The Associated Press reported that at least 25 people were killed in Mississippi and one in Alabama late on Friday as a strong tornado and thunderstorms swept across those states.
After the tornado wreaked havoc for more than an hour, killing dozens, and destroying entire blocks, hundreds were left homeless.
A water tower was knocked over in the town of Rolling Fork in the Mississippi Delta. During the storm on Friday night, locals took cover in bathtubs and hallways. Later, they broke into a John Deere store and turned it into a triage centre for the injured.
“There’s nothing left,” a resident, Wonder Bolden, who was holding her granddaughter, told AP.
The damage caused by further suspected twisters was being repaired in various areas of the Deep South.

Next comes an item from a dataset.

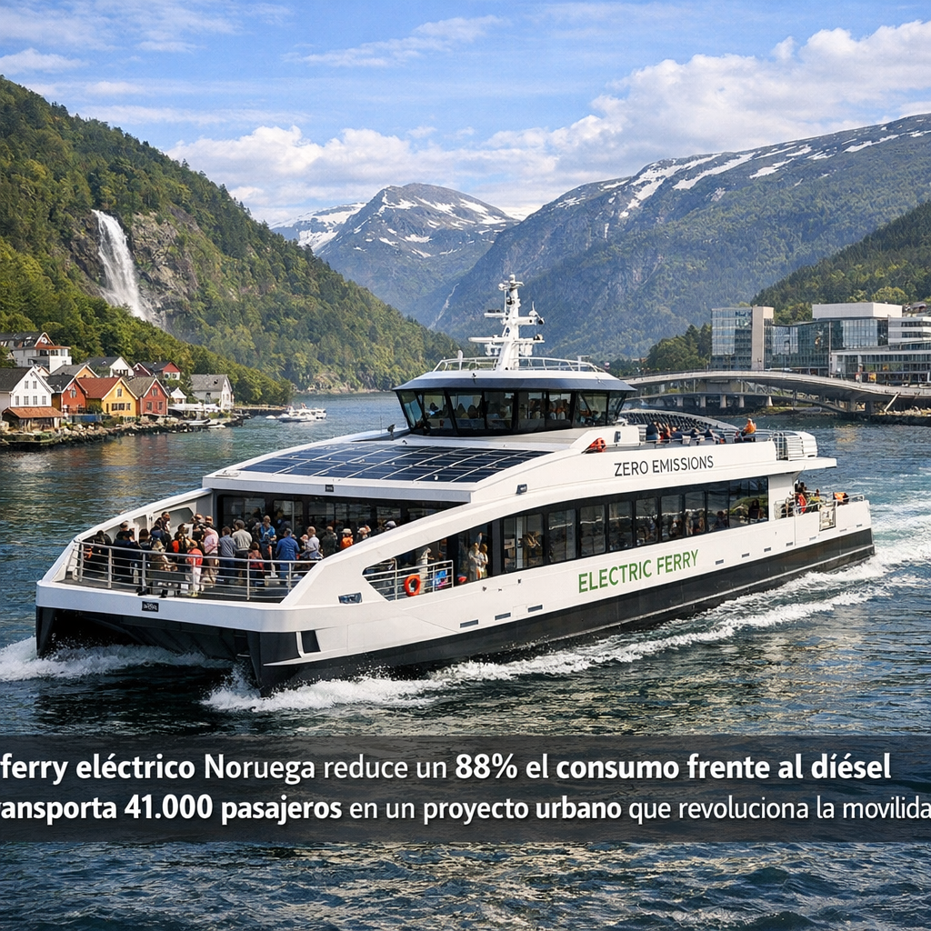 El ferry eléctrico Noruega se ha convertido en uno de los ejemplos más llamativos de innovación en transporte sostenible en Europa. El ferry eléctrico Noruega ha demostrado que es capaz de transportar más de 41.000 pasajeros con un consumo energético hasta un 88% inferior al de los barcos diésel tradicionales, marcando un antes y un después en la movilidad fluvial urbana.
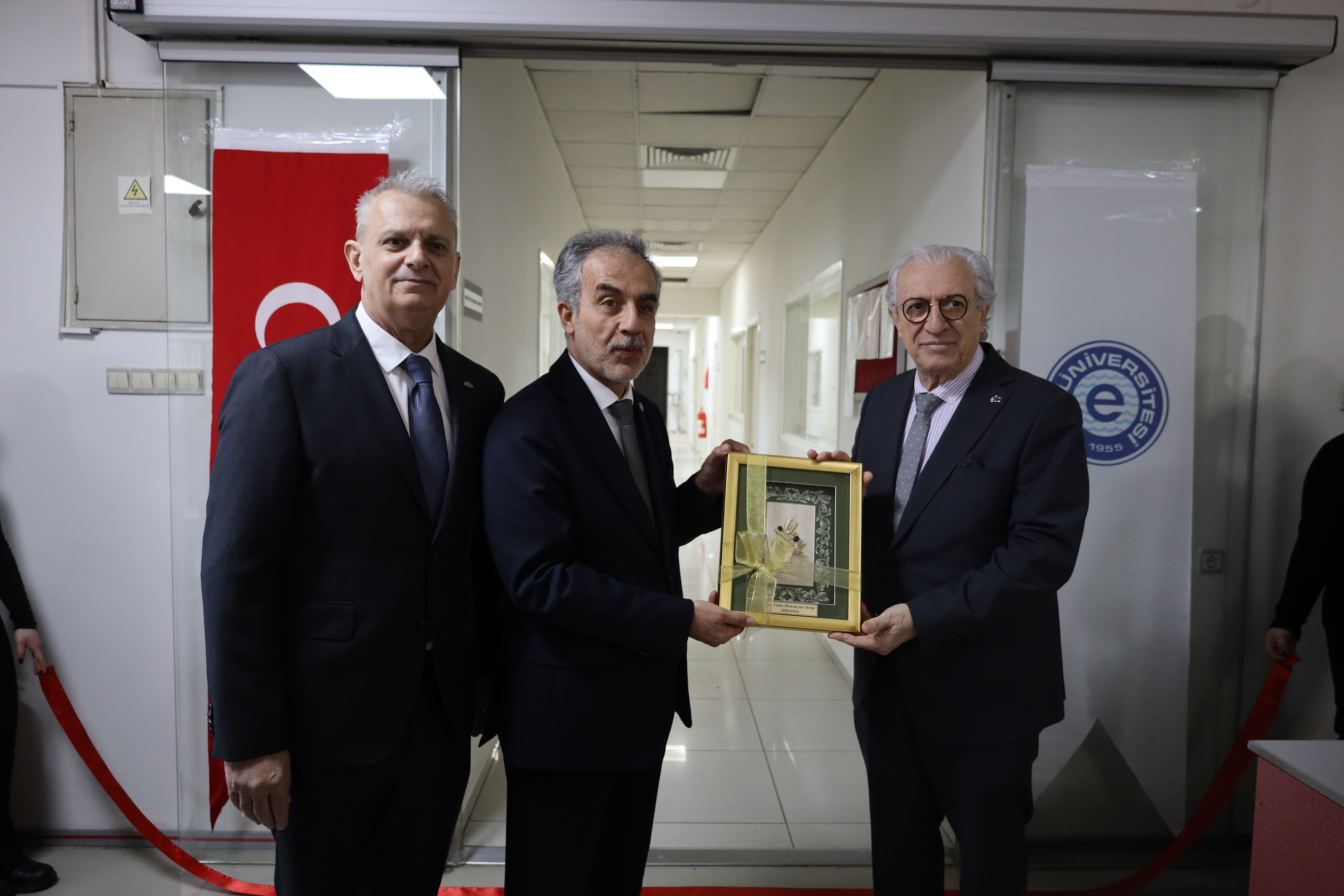 Konuşmaların ardından Ege Üniversitesi Rektörü Prof. Dr. Musa Alcı, Üniversiteye kazandırılan yeni cihazlardan ötürü Jak Eskinazi ve Süleyman Yiğit Tuncel’e plaket takdim etti.

The Morgan County sheriff’s office in Alabama tweeted that one man had died.
According to Nicholas Price, a meteorologist with the National Weather Service in Jackson, Mississippi, the tornado remained on the ground for approximately an hour and left a path of destruction that was around 170 miles (274 km) long.

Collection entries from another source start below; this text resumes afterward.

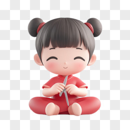 3D卡通小女孩抱着一碗汤圆免抠元素
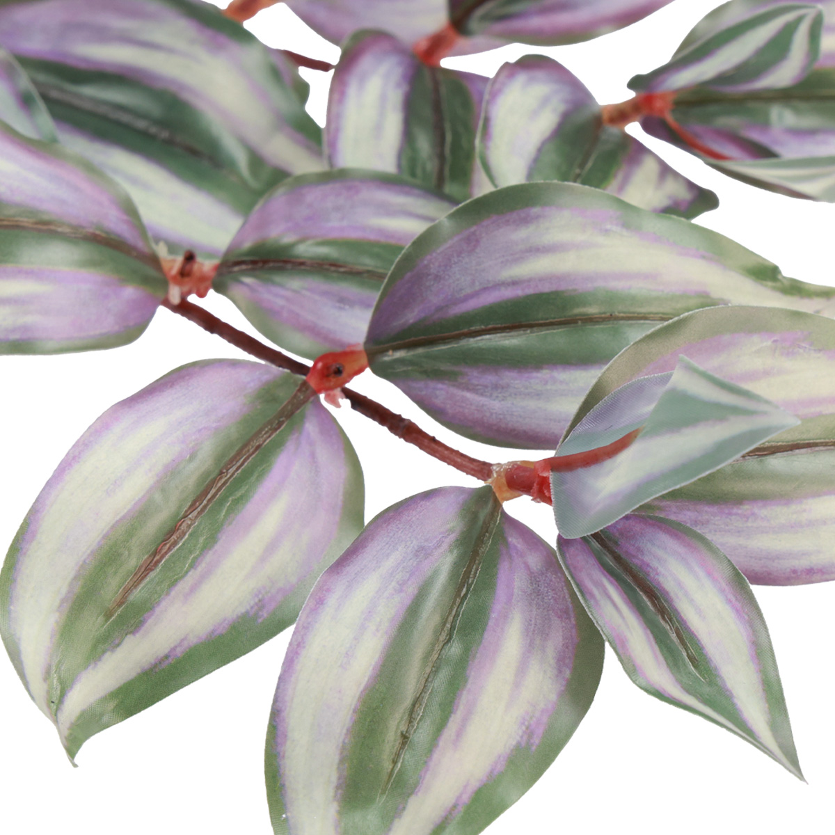 Tämä Tradescantia-tyyppi, joka tunnetaan myös seeprana riippuvana korina kauniiden vehreiden lonkeroidensa vuoksi, on erittäin suosittu huonekasvi ja myös keinotekoisesti silmien herkku. Erikokoiset lehdet toistavat seeprayrtin kolmivärisen vihreän, violetin ja kermanvärisen kuvion maalauksellisesti ja realistisesti.
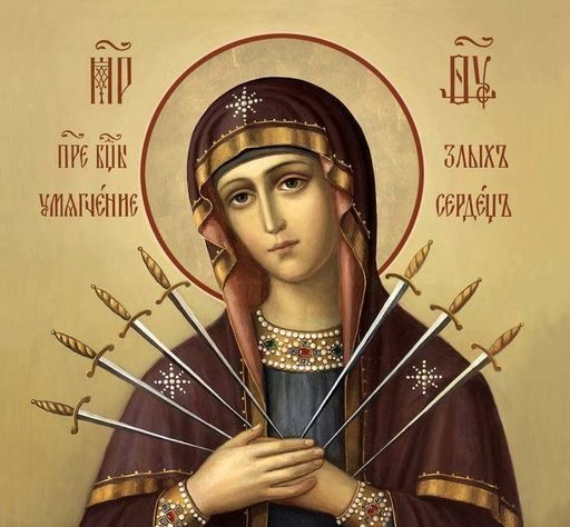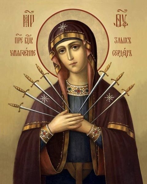الأيقونة ذات سبعة سيوف ولها اسم آخر – “تليين قلوب الشر”. بدأ هذا التكريم في القرن الثالث عشر ويُحيي ذكرى الأحزان التي احتملتها أم الله العذراء بسبب آلام وموت ابنها الإله. وقد درجت العادة على أن تصوَّر سيدة الأحزان في الأيقونة وقلبها مطعون بسبعة سيوف، أذ أن كل سيف يدل على واحد من الاحزان أو الأوجاع الرئيسية التي اخترقت قلب العذراء الكلية القداسة اثناء حياتها على الارض.

Storm chaser Michael Searcy spent hours assisting in the rescue of the people who were stranded after he observed the tornado move towards Rolling Fork.

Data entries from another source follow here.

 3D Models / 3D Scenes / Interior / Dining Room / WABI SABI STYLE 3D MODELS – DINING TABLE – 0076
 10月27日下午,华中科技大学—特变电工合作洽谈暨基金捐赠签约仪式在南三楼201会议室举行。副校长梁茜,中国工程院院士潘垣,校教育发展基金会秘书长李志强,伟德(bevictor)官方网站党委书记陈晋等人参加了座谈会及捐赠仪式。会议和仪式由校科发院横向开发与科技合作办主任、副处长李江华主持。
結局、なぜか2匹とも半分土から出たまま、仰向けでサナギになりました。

“As soon as we would go from one vehicle to the next vehicle or from building to building, we could hear screams and we could hear cries for help,” he told Reuters. “And we were just basically in small groups, digging through the rubble, trying to find and extricate people.”
One family managed to escape by taking cover in a bathroom while the rest of the house fell around them and a van was placed on top of the house by strong winds, according to Searcy.